Valletti Quintetto

MINVIELLE, IMBERT, BEER-DEMANDER, DALTIN, VALLETTI

Création

Marseille, décembre 2019. L’heure est grave. Gravement belle. Dans une salle de répétition, Serge Valletti, auteur dramatique bien connu de nos services (le cerveau de la saga Toutaristophane, c’est lui), prépare un nouveau coup. Le plan est ambitieux, son issue incertaine. Cette fois, il est question de lecture de textes en musique. Douze textes jaillis d’un trait sur des compos d’Elisabeth Valletti, la sœur de Serge. Certains serrés comme des poings, d’autres débordant comme la crue d’un fleuve. Il y a là une sacrée équipe : André Minvielle (percussions, “vocalchimie”), Raphaël Imbert (saxophones), Vincent Beer-Demander (mandoline), Grégory Daltin (accordéon).
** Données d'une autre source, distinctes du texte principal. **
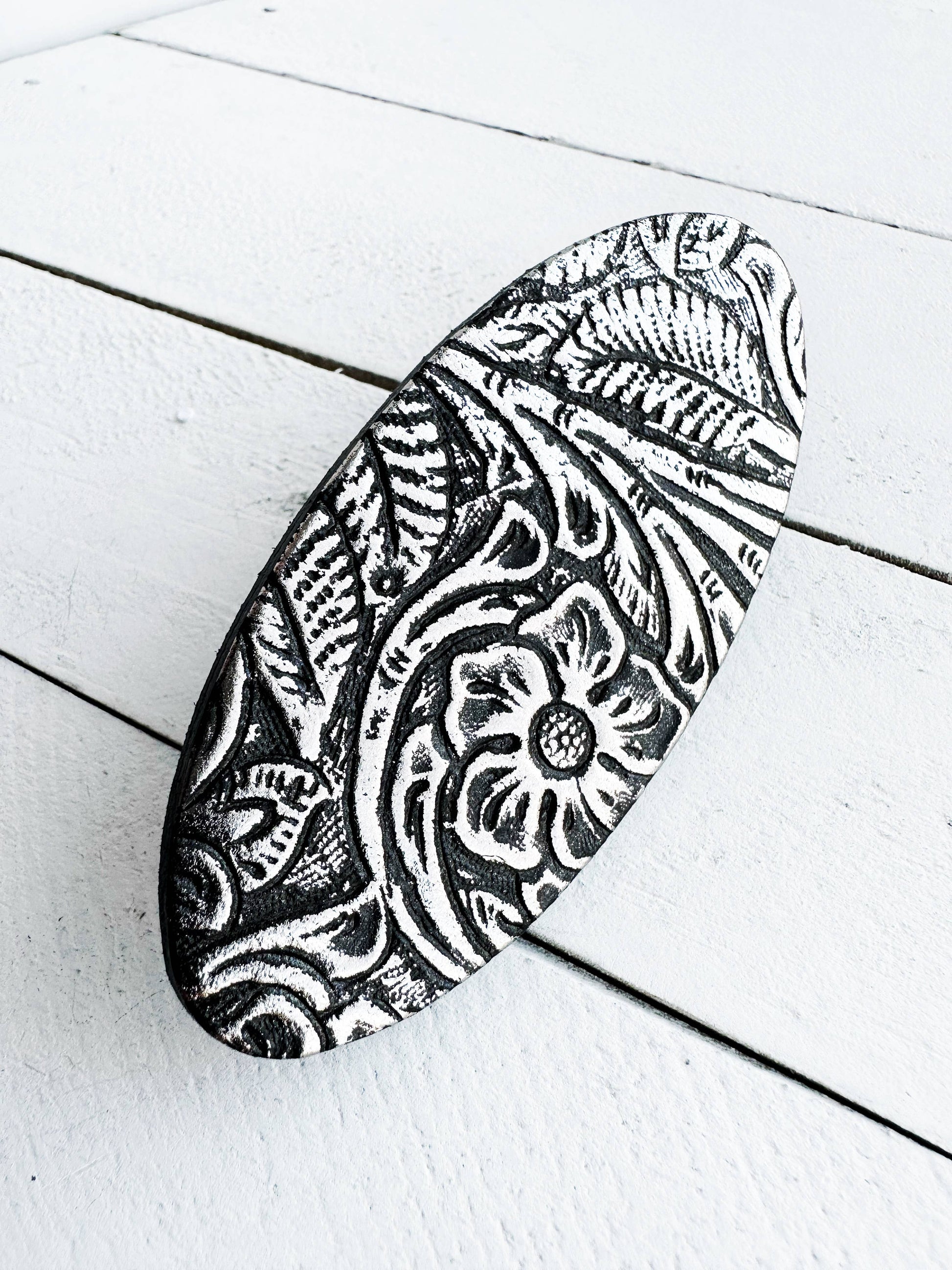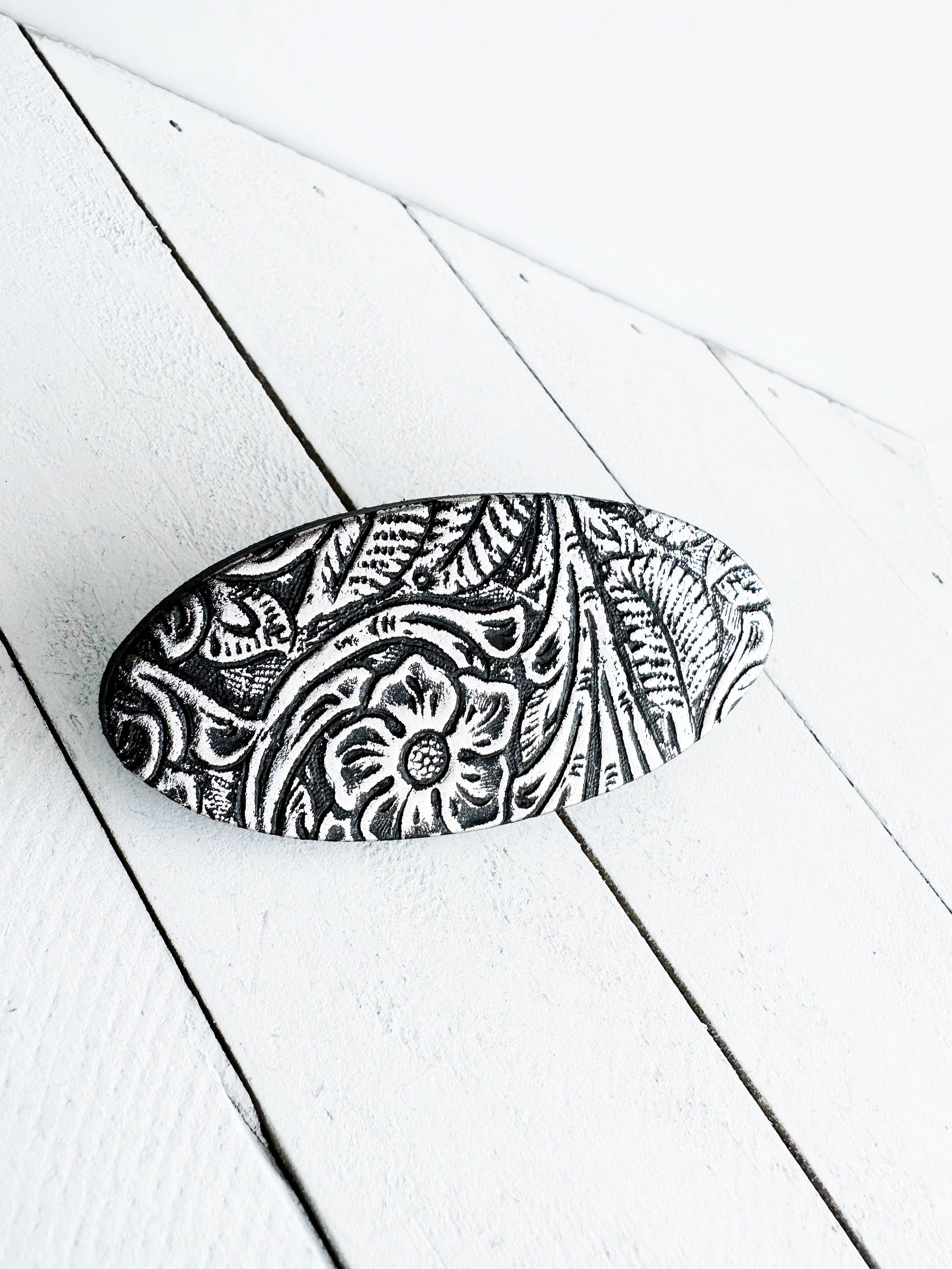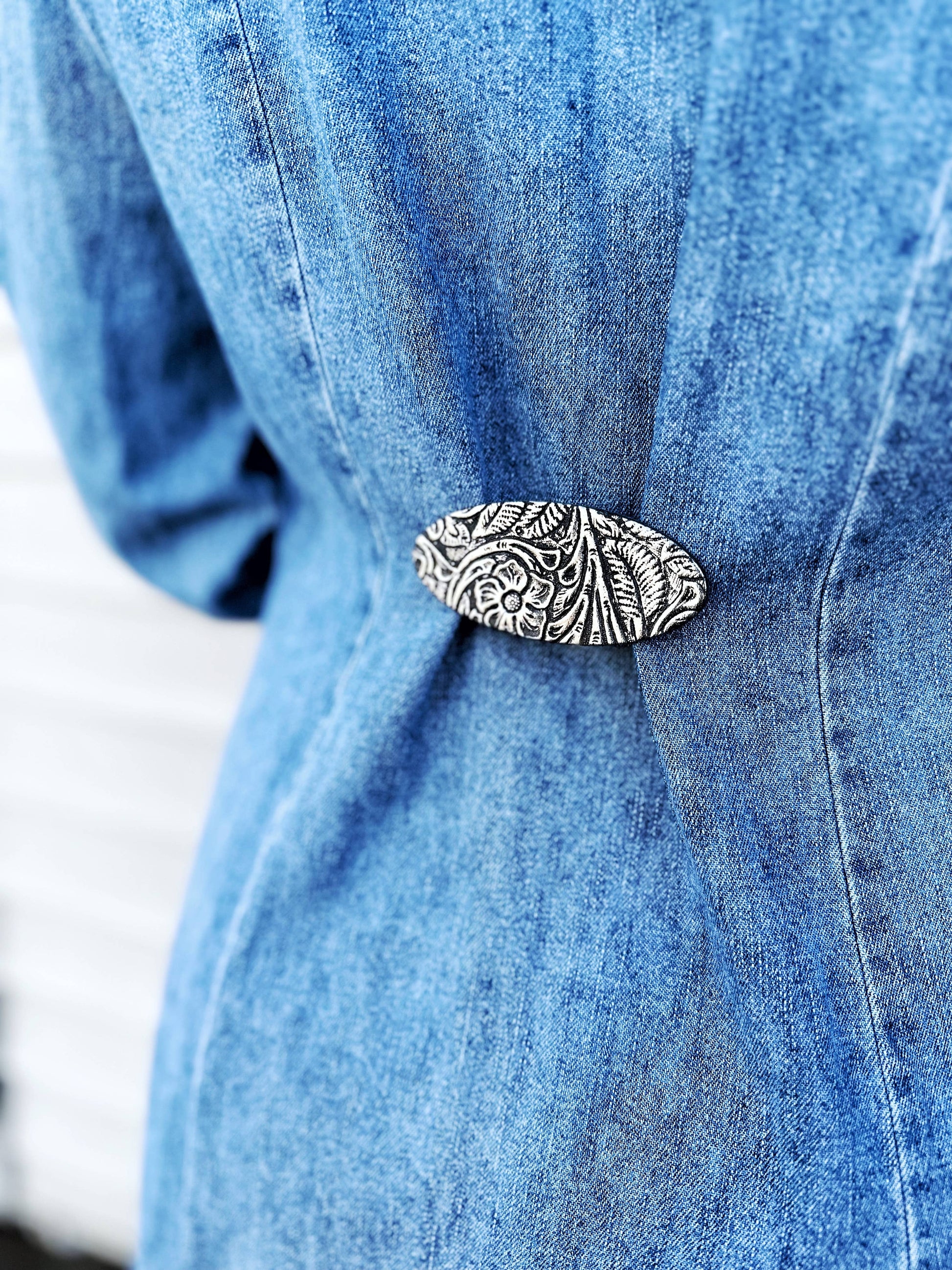 "Impressions" - Black leather imprinted with a raised floral & leaf pattern in brushed metallic silver. KardiKlips are like having a mini-tailor at your fingertips, providing a quick & easy way to tailor your outfit to your unique and individual shape. These small adjustments can make a big difference by hiding bulges, highlighting curves, or simply providing a secure way to fasten any garment. Ideal for: Dresses Cardigans Sweaters Kaftans Kimonos Jackets Tunics Cloaks Capes Belt Alternative 3 inches long X 1.25 inches wide.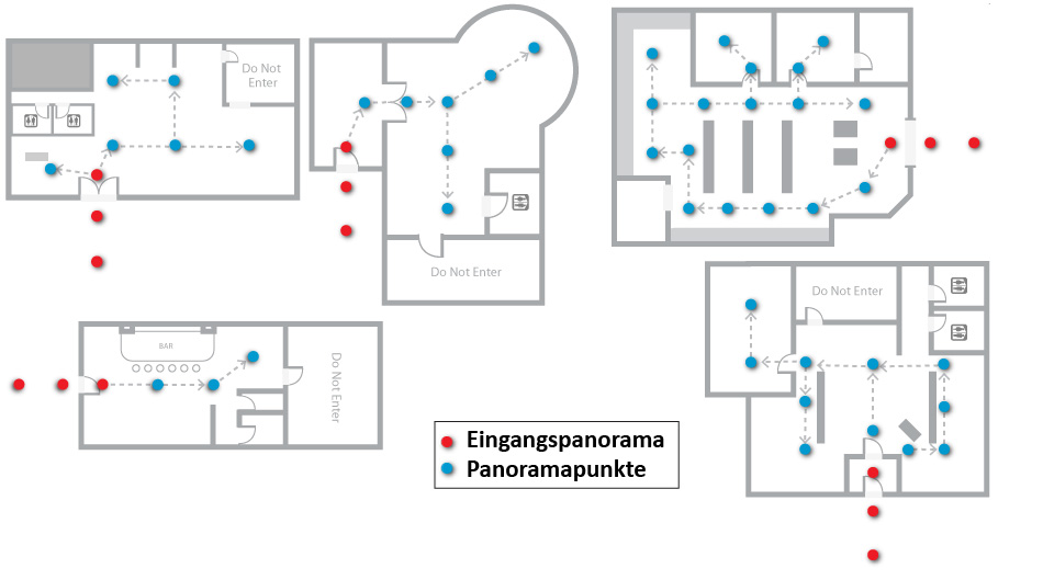 Die ersten drei Panoramen sind empfohlene Eingangspanoramen (rote Punkte). Im Innern folgen im Abstand von 2-5 m weitere Panoramapunkte (blaue Punkte), je nach Grösse Ihres Geschäfts und Anzahl der Räume, die Sie präsentieren möchten. Sie können entscheiden, welche Räumlichkeiten Ihres Geschäfts Sie zeigen wollen. Absolutes Minimum für Google Maps Business View ist ein Outdoor- und ein Indoorpanorama. Die folgende Grafik zeigt verschiedene Grundrisse mit möglichen Standorten der Panoramapunkte.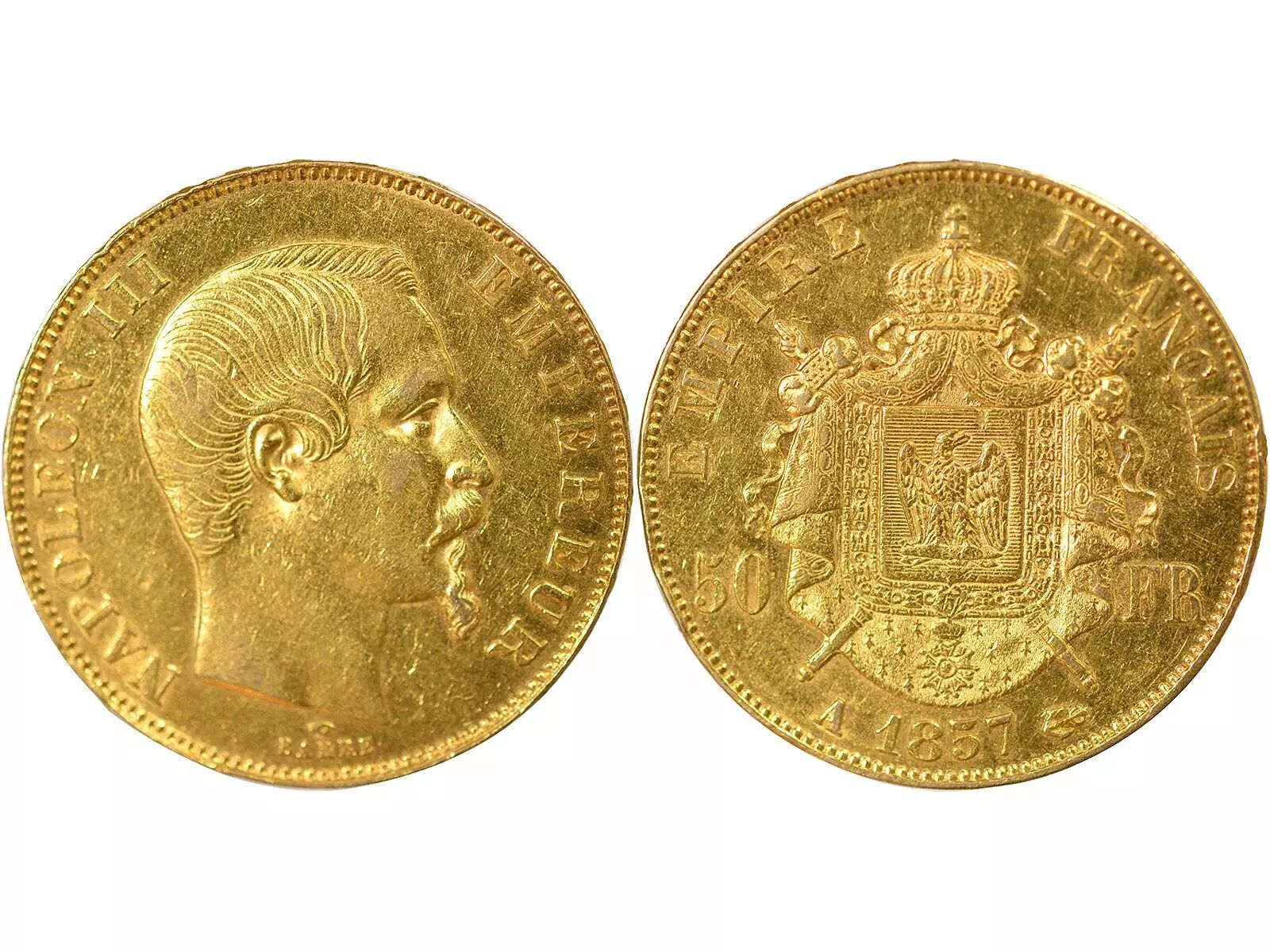 Coin France Napoleon III - 50 Gold Francs, Bare Head - 1857 A Paris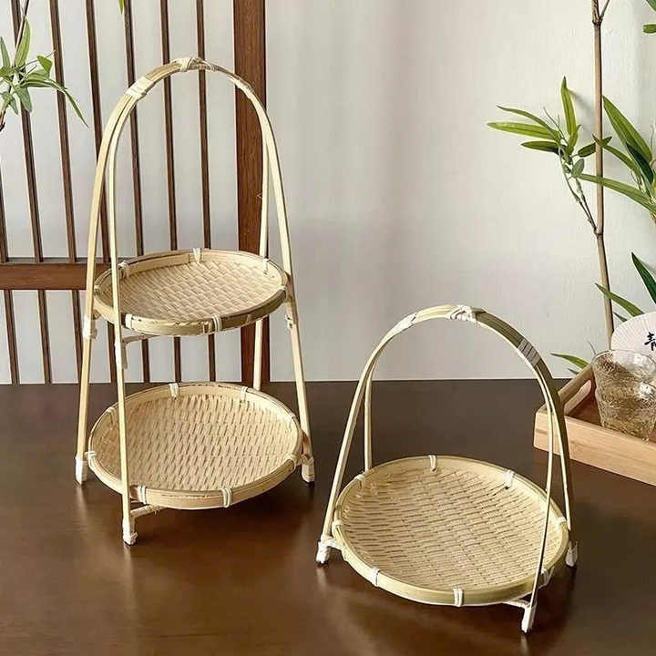 Handmade Tiered Bamboo Cake Tray Rustic Basket Rack for Wedding Decoration & Dessert Display Made In Vietnam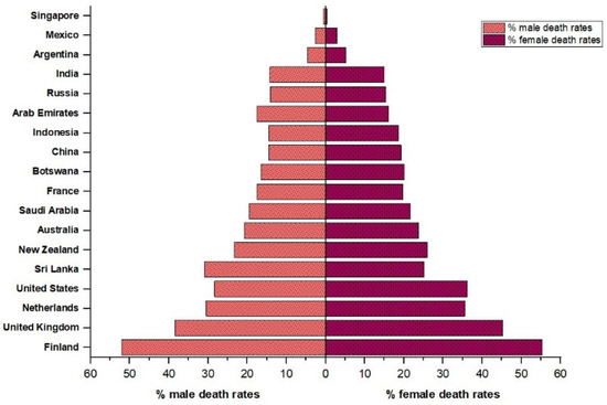 Male and female death rate (per 100,000) for countries with Alzheimer’s disease in 2023–2024 [3].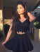 Bridelily A-Line V-Neck Sleeveless Lace Satin Two Piece Short/Mini Dresses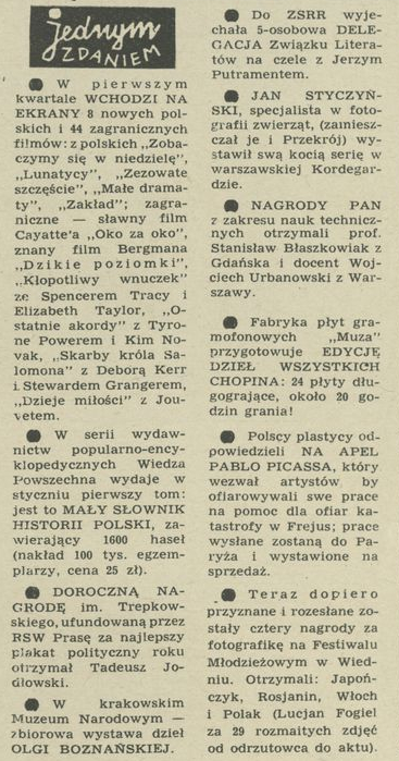Archiwum / Jednym zdaniem nr 770 (02/1960) 31565/123969 Podziel się Tytuł Jednym zdaniem Rubryka Jednym zdaniem Artykuł z numeru 770 (2/1960) Data wydania 10 stycznia 1960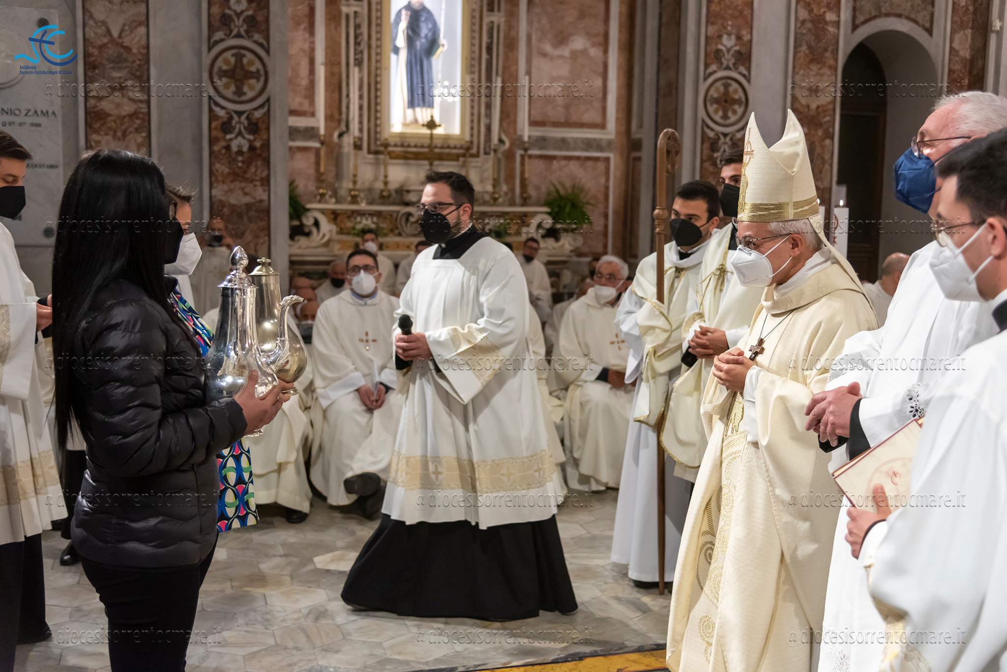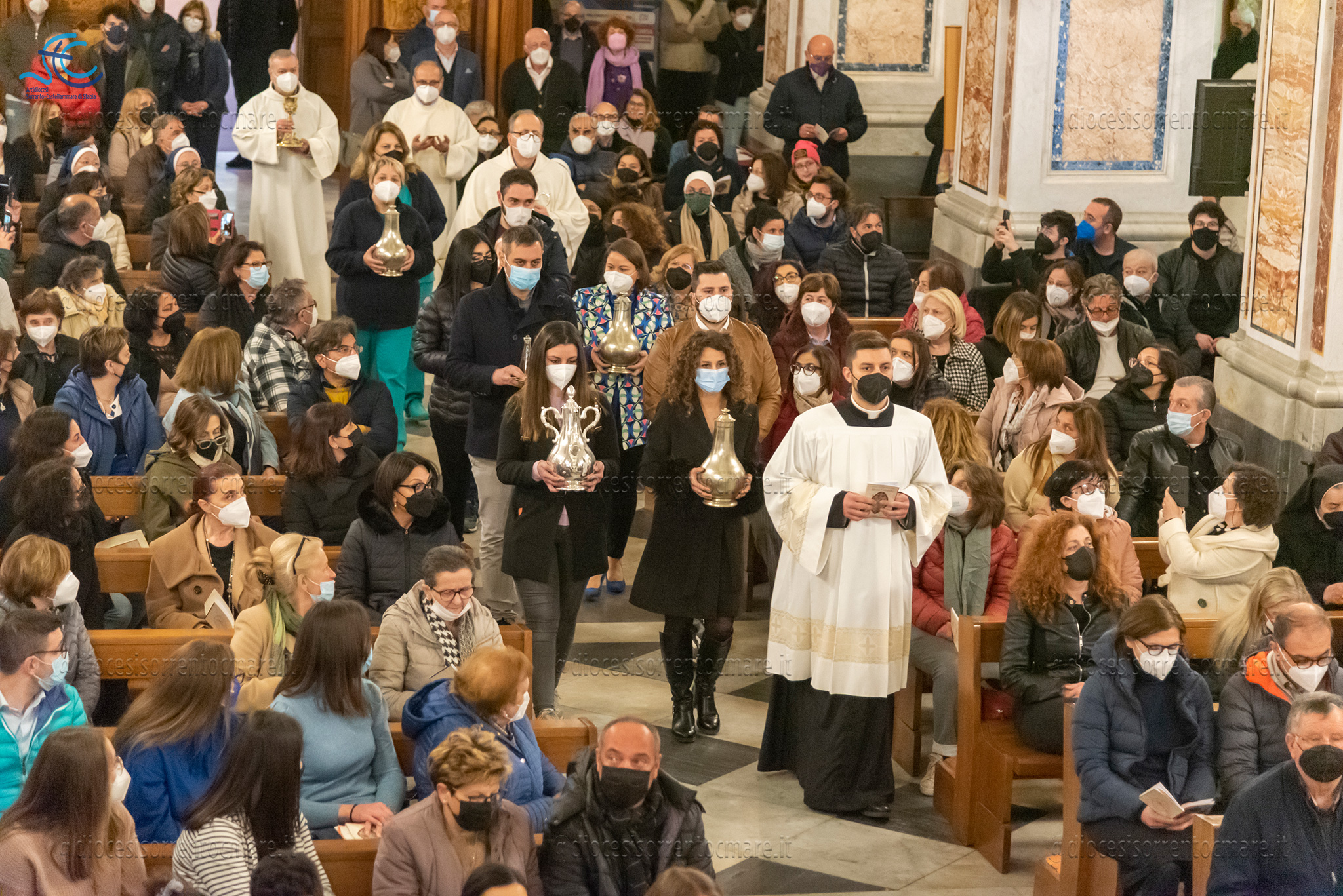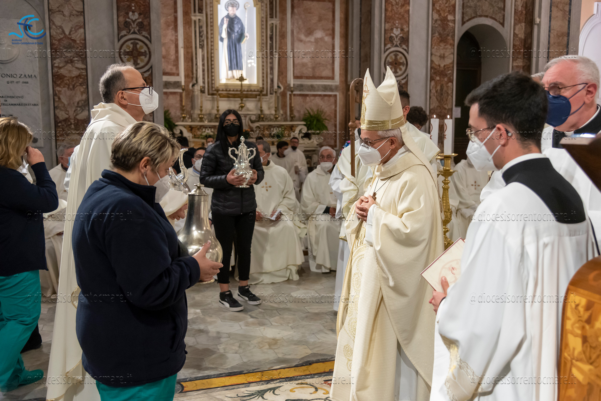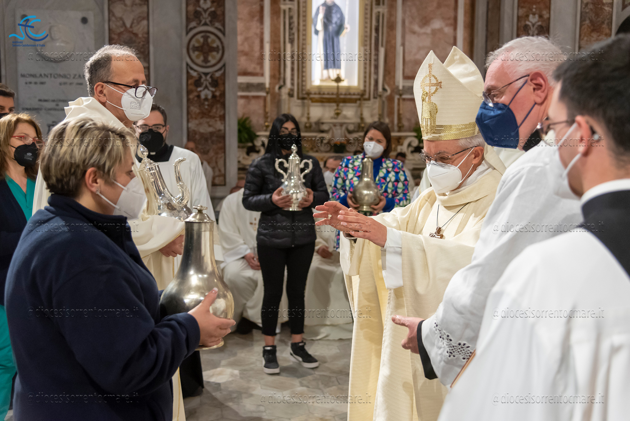 Emozionante il momento della benedizione degli oli, che si useranno durante tutto l’anno liturgico per la celebrazione dei sacramenti. Il crisma, usato nel battesimo, nella cresima e nell’ordinazione dei presbiteri e dei vescovi è stato consegnato da cresimandi della parrocchia di Sant’Agostino e Madonna di Lourdes di Castellammare di Stabia; l’olio dei catecumeni, usato nel battesimo è stato invece portare dinanzi al Vescovo da una famiglia il cui bambino riceverà il battesimo a Sant’Agnello nella veglia pasquale e da catecumeni che riceveranno l’iniziazione cristiana durante il periodo pasquale; ed infine la consegna dell’olio degli infermi è avvenuta da parte di operatori dell’ospedale di Sorrento e Don Salvatore Rossi cappellano dell’ospedale di Vico Equense.

Tous experts en trafics sonores de grande ampleur, improvisations de haut vol, échappées belles. Tous en alerte, à l’écoute. Serge essaie un premier texte, un deuxième, un troisième… Chaque fois, la bande répond juste, trouve la respiration, la cadence, la cassure, le silence, les inventions qu’il faut. Valletti est comme un poisson dans l’eau – sa nouvelle eau. Dans sa bouche, les mots sonnent comme les relevés sensibles d’un conteur qui se souvient, se projette, rêve, rage, meurt, revit. C’est magnifique. Le coup parfait. En 1969, Valletti fut brièvement chanteur dans un groupe qui s’appelait Les Immondices. En 2020, il est diseur au long cours au sein du Valletti Quintetto – un groupe qui aurait pu s’appeler Les Diamants Bruts.